2. (Case 2) The seed is just like a piece of 'explant'. You can do transformation on it--> Agrobacterium-mediated in your case; then let the seed can develop into an antibiotic-resistant callus; then regenerate transgenic lines from those callus. But, I don't know why you want to use *seed* as an explant? Why don't you use other tissues as explants? Is Passion Fruit seed easily to induce callus?? Different plant species, they have different preferred tissues for inducing calli. for example, in my experience, carrot roots are easier for inducing callus. But, for cotton, we use hypocotyl for callus induction. Which tissue is easier for Passion Fruit to induce calli?

3. (Case 3) Is using the in planta (tissue-culturing free) transformation method (see picture in my previous answer ). You have already established this method in your lab for rapidly passion fruit genetic transformation. This is the best method, in my opinion. Why do you bother to change another method?

Hafiz Muhammad Rizwan

1.

Is this in general, or for passion fruit?

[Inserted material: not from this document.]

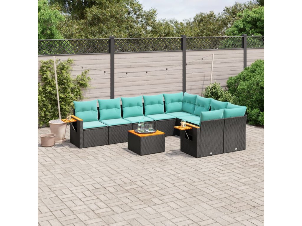 10dílná zahradní sedací souprava s poduškami černá polyratan 3227149
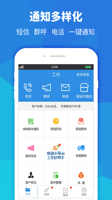 3、通知多样化:短信、群呼、电话,一键通话,多种录入号码方式:手动、语音、扫描,极速录入。

2. < sow into pot media and after the seedlings were with 4-6 leaves did GUS staining so they show GUS blue color ...>

That is interesting. But, we don't know if it is a homogenous transgenic plant? What is the pattern of GUS blue staining? Are they uniformly stained blue, like for a whole leave, a whole stem...etc? How many plants derived from seeds did you test? Did they all stain blue? Can we see a picture?

Hafiz Muhammad Rizwan

I was taught to make the dipping solution with suspended bacteria fresh each time. The initial Arabidopsis dip protocol found that you can get successful transformation with cultures grown different lengths of time so that would be one way to be able to dip on many days in a row.